The greatest pleasure of this self-imposed and otherwise profitless task was a visit to the monastery where the manuscript was found, thanks to my friends Tom and Margot Werneck, and to the Bavarian State Museum in Munich, where I was granted access to the original manuscript. The following pages contain my version of all the Buranian lyrics that were set by Orff - not entirely word for word from the Penguin Classic, as I still keep tinkering with particularly recalcitrant bits and pieces of them. In fact, I'm inclined to do this every time I bring it up on screen. Here are some introductory paragraphs from my introduction to the published selection. Background Outside a specialised readership Carmina Burana is probably best known as the title of a popular work for chorus and orchestra by Carl Orff. The hour-long cantata, much performed and recorded, is an exuberant setting of some twenty poems in Medieval Latin and Middle High German from a thirteenth-century manuscript found at the Bavarian monastery of Benediktbeuern (sometimes spelt Benediktbeuren, which is unusual though I understand to be historically defensible.)

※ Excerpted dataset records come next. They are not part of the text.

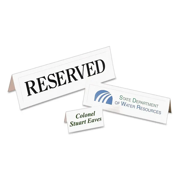 Tent cards are ideal for meetings, presentations, seminars and conferences. Cards are embossed for a professional appearance and pre-scored for neat folding. Sheets of tent cards are compatible with laser and inkjet printers. Heavyweight cardstock sheets feed automatically from a paper tray. Ultra-fine perforations allow you to separate cards easily and cleanly. Free, easy-to-use templates for Microsoft Word and other popular software programs are available online.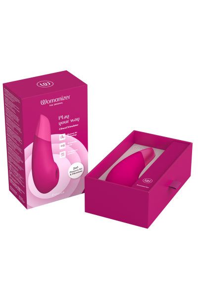 Le Womanizer Enhance, à la fois ergonomique et maniable, enthousiasme avec la nouvelle combinaison unique de stimulation sans contact par technologie Pleasure Air et des vibrations ultra puissantes.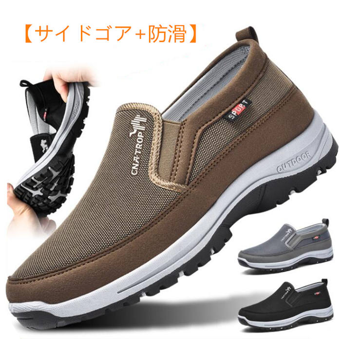 【サイドゴア+防滑】スニーカー メンズ スリッポン カジュアルシューズ ローカット 紳士靴 軽量 防滑 ウォーキングシューズ 春秋 歩きやすい 軽量 キャンバススニーカー 大きいサイズ パパシューズ 父の日3e 幅広い
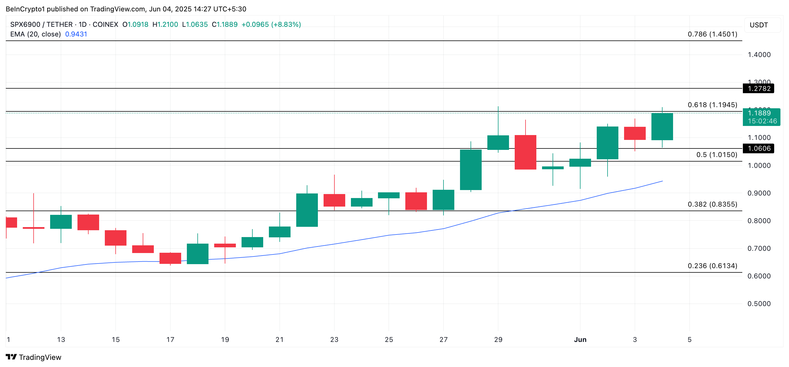 Kung magpapatuloy ito, maaaring lampasan ng SPX ang $1.19 resistance at umakyat patungo sa $1.27.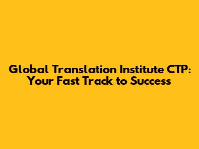 Global Translation Institute CTP: Your Fast Track To Success
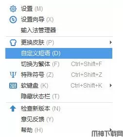 点击“自定义短语设置”或者更简便的方法,你也可以在右键菜单中直接选择自定义短语就可以进行设置。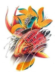 彩色鲤鱼和莲花的组着纹身手稿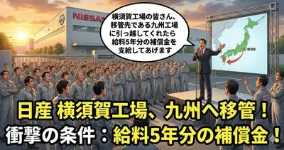 【速報】日産「横須賀工場の皆さん、移管先である九州工場に引っ越してくれたら給料5年分の補償金を支給してあげます」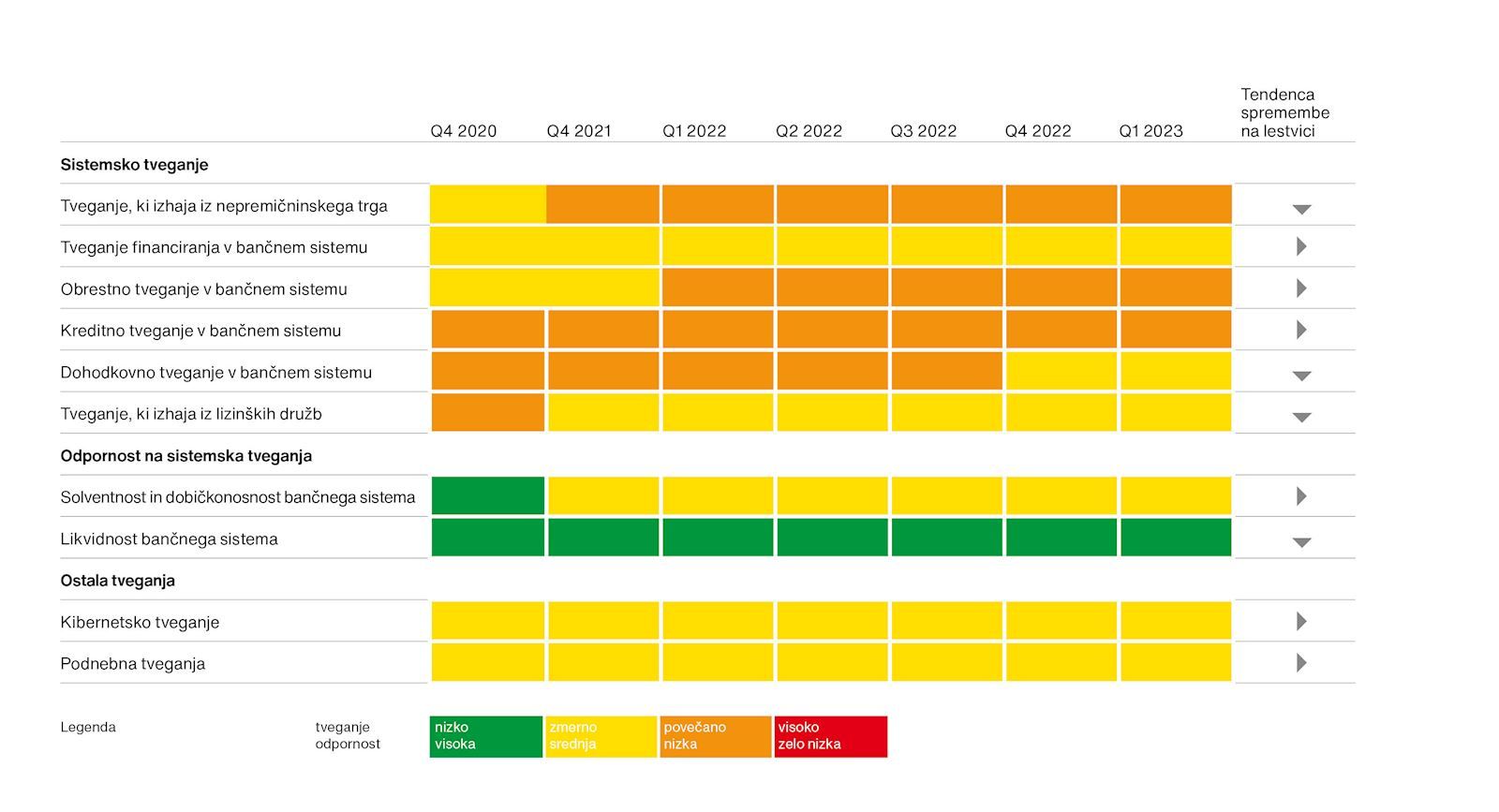 Anketni kazalniki za gospodarstvi Slovenije in evrskega območja so na začetku leta nakazovali ugodnejše gospodarske razmere v primerjavi z lanskim zadnjim četrtletjem in boljše prihodnje obete. Zaradi hitre dinamike sprememb, ki v zadnjem obdobju krepijo negotovost, pa v Banki Slovenije ocenjujemo kot povišana naslednja tveganja: (i) obrestno tveganje, (ii) kreditno tveganje in (iii) tveganje, povezano s trgom nepremičnin. Ob tem odpornost bančnega sistema na morebitno uresničitev tveganj ostaja robustna – v segmentu solventnosti in dobičkonosnosti je ocenjena kot srednja, v segmentu likvidnosti pa visoka.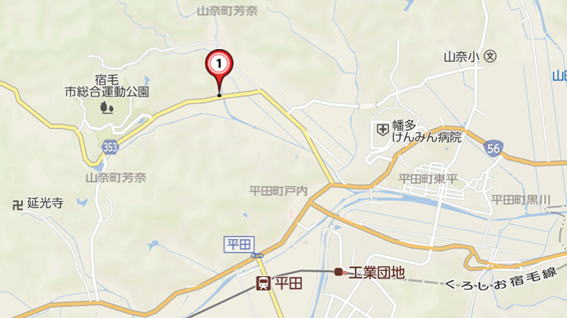 土讃線・くろしお鉄道平田駅を出て、芳奈口から宿毛総合運動公園方面へ徒歩約25分。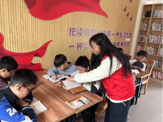 活動現場,志愿者熱情地為孩子們提供幫助與引導。孩子們圍坐在桌旁,手中捧著心儀的書籍,沉浸在知識的海洋里。墻上 “把讀書學習當成一種生活態度、一種精神追求” 的標語,更是營造出濃厚的閱讀氛圍。
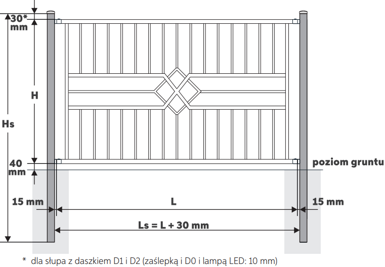 Wymiary zamówieniowe i ich oznaczenia potrzebne do prawidłowego doboru oraz montażu przęsła: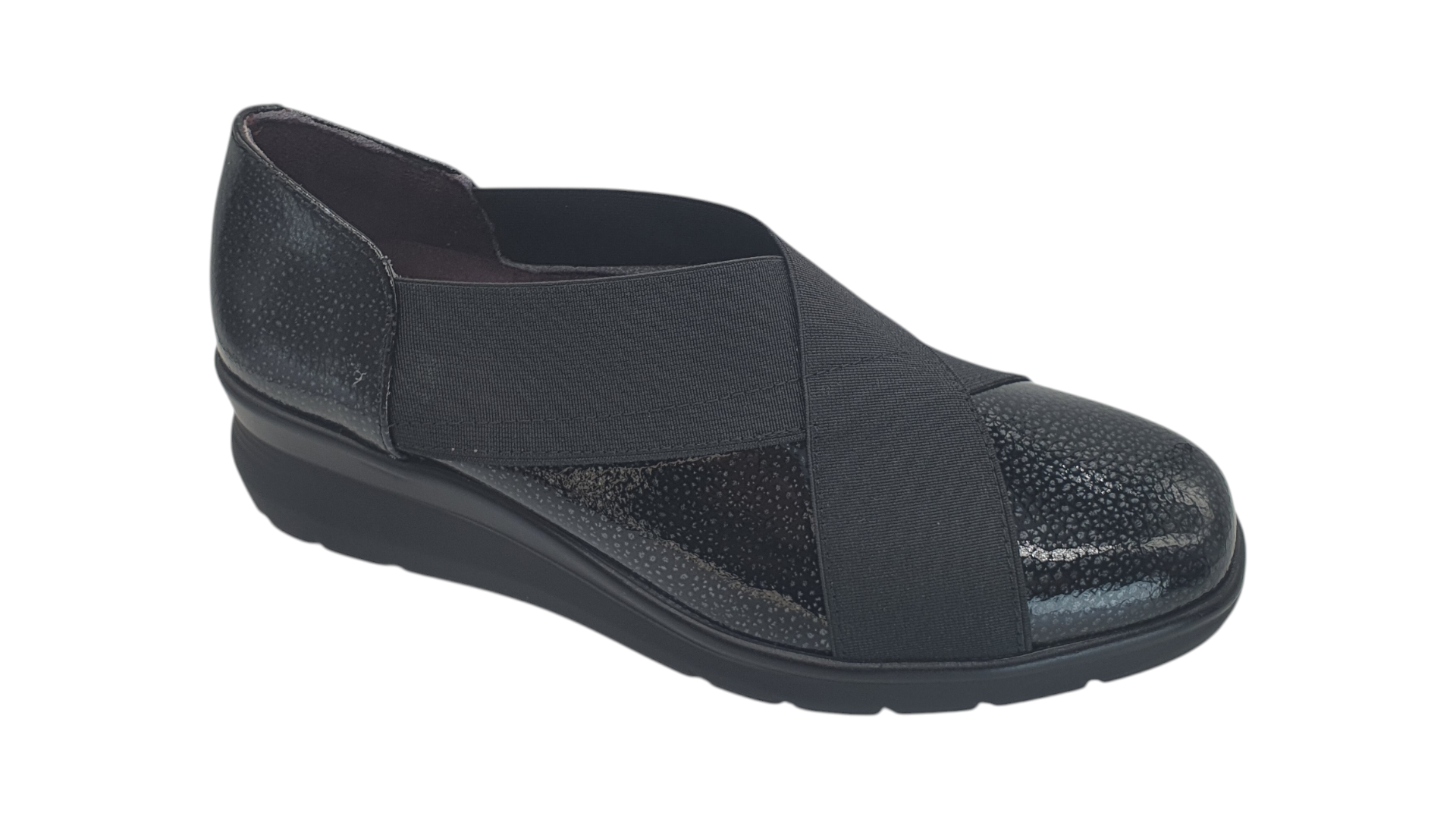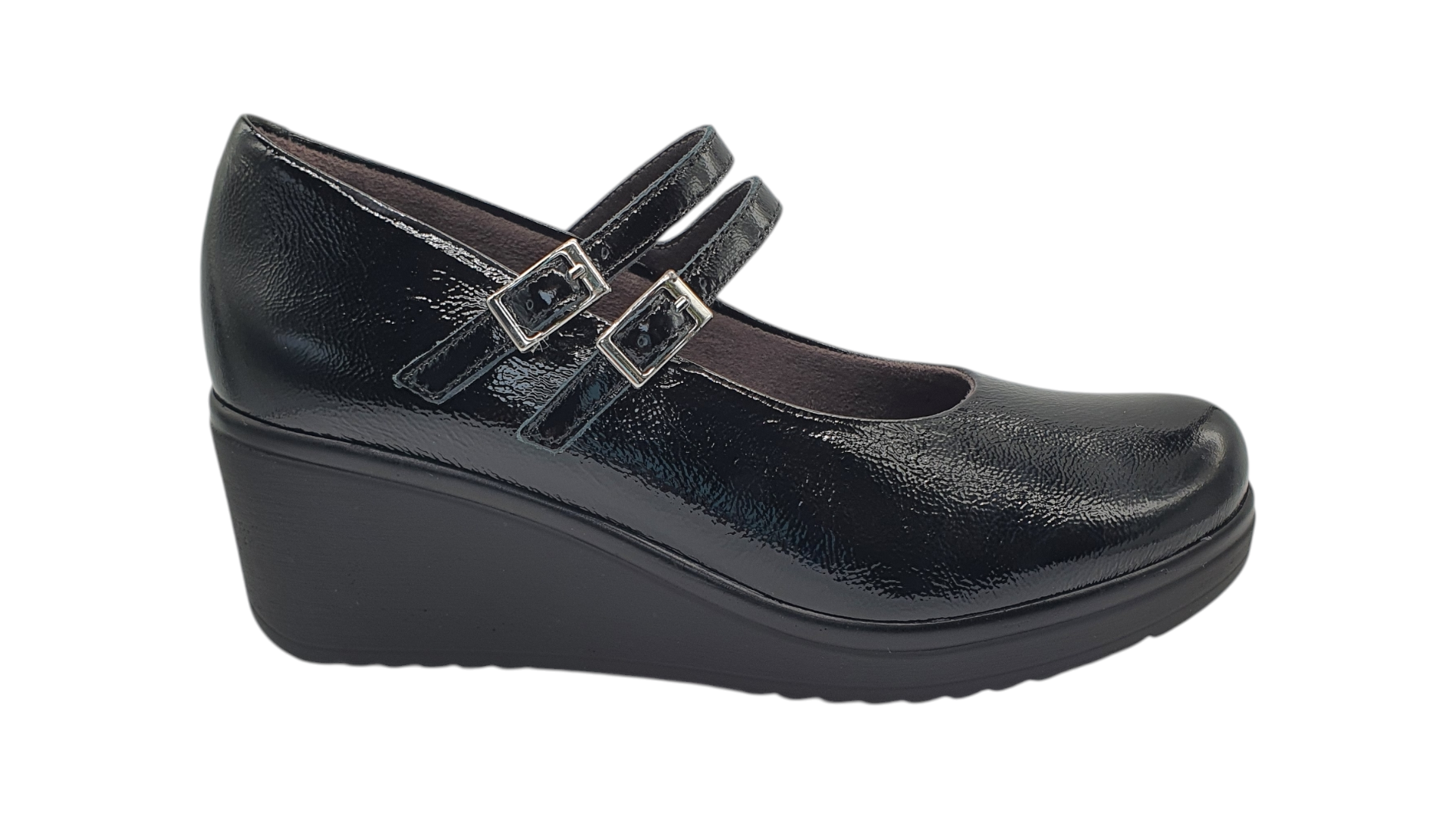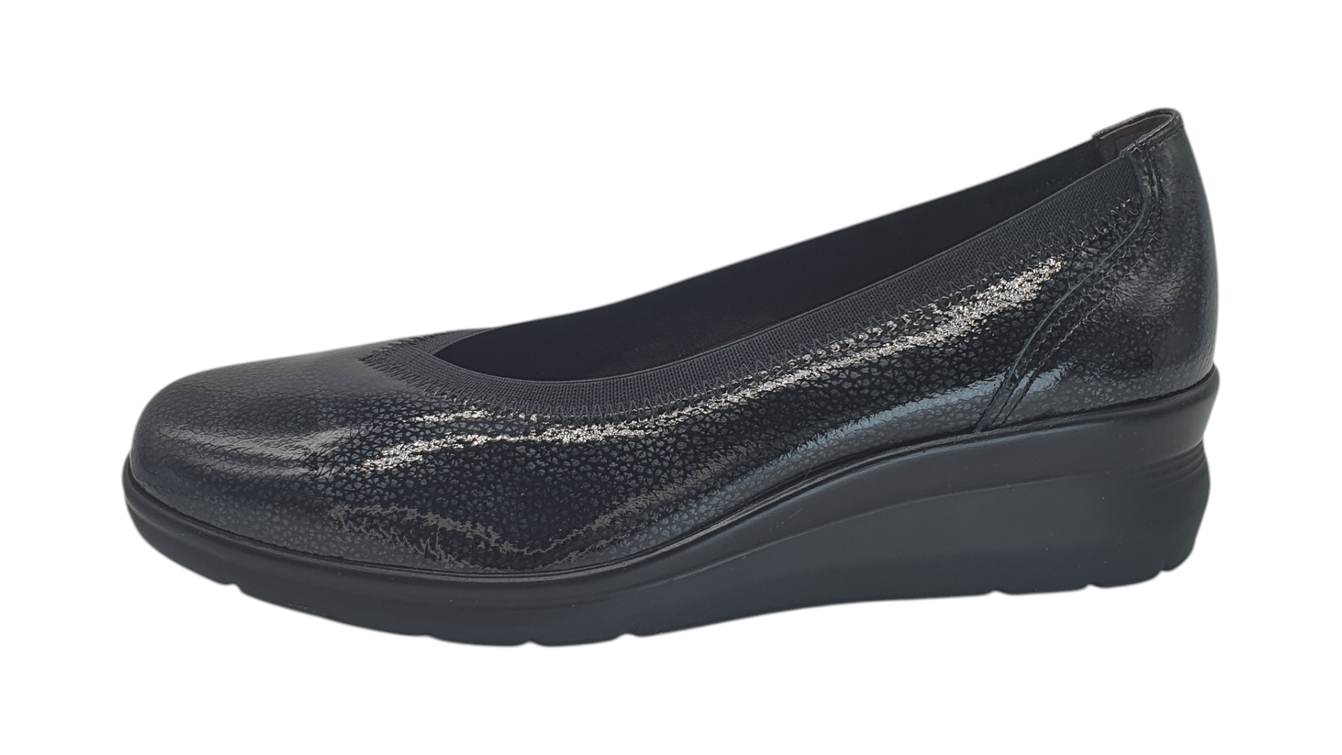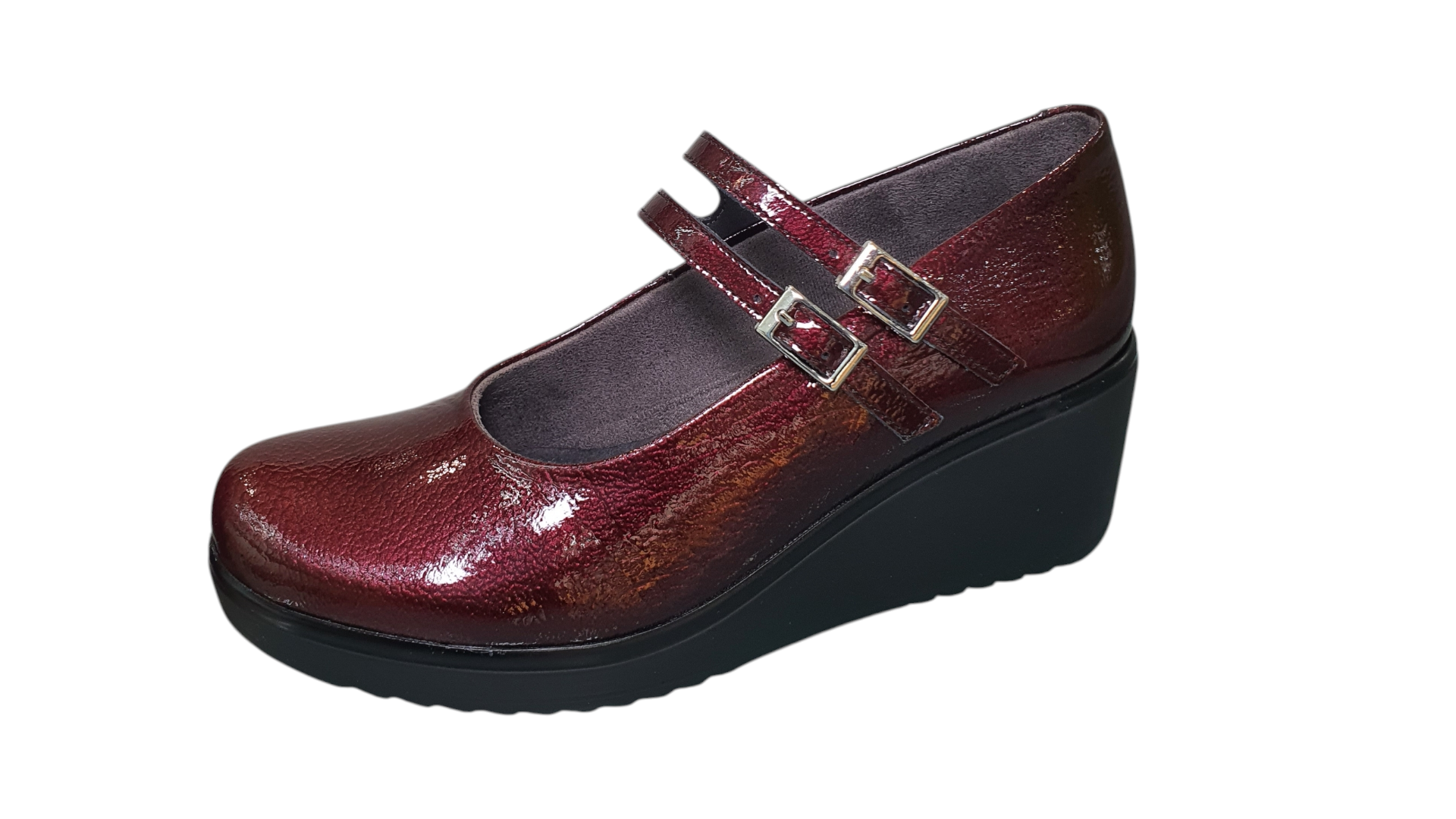 Zapato de mujer tipo mocasín, con gruesa suela de 5 cm de goma. Fabricado en material que imita al charol.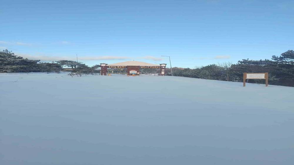 Manisa’nın önemli doğal alanlarından biri olan Spil Dağı Milli Parkı, gece saatlerinde etkili olan kar yağışıyla birlikte yeniden beyaza büründü.
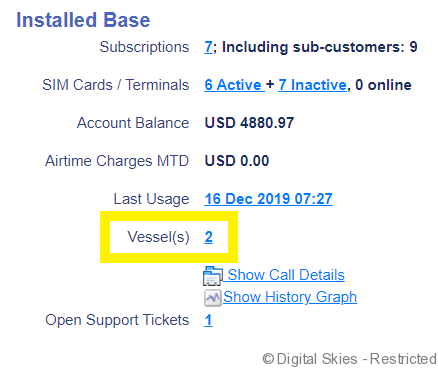 Click on the vessel name to view the details and identify any SIM cards activated against the Vessel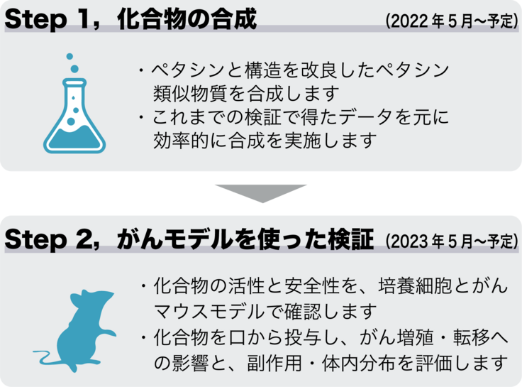 実際の計画としては、Step 1 化合物の合成と、Step 2 がんモデルを使った検証を実施したいと考えています。

The manuscript contains about 250 essentially secular lyrics by various authors, of varying degrees of literary merit, and covering a range of themes including satire, literary and liturgical parody, love songs, drinking songs, and stories from the classics. As the largest surviving anthology of Medieval Latin poetry, the contents of the manuscript represent the last outpourings of poets who still used that lingua franca of Christendom as fluently as their individual native tongues. The following translation of the songs selected by Orff are not intended to be word-for-word renderings. My object was to produce a version that would both -
Contents Composing in 1936, Orff necessarily based his setting on a rescension of the text made in 1847 by Johann Andreas Schmeller of the Munich Central Library. The authoritative modern edition occupies four books edited by Alfons Hilka, Otto Schumann and Bernhard Bischoff and published, respectively, in 1930, 1941, 1970, and 1982. (I have not yet seen the final volume, ISBN3423020636, published in 1991.) My published translations are based on the modern edition, but where Orff's interpretation has been significantly affected by that of Schmeller I have reverted to the latter. The contents of the Carmina Burana fall into five sections.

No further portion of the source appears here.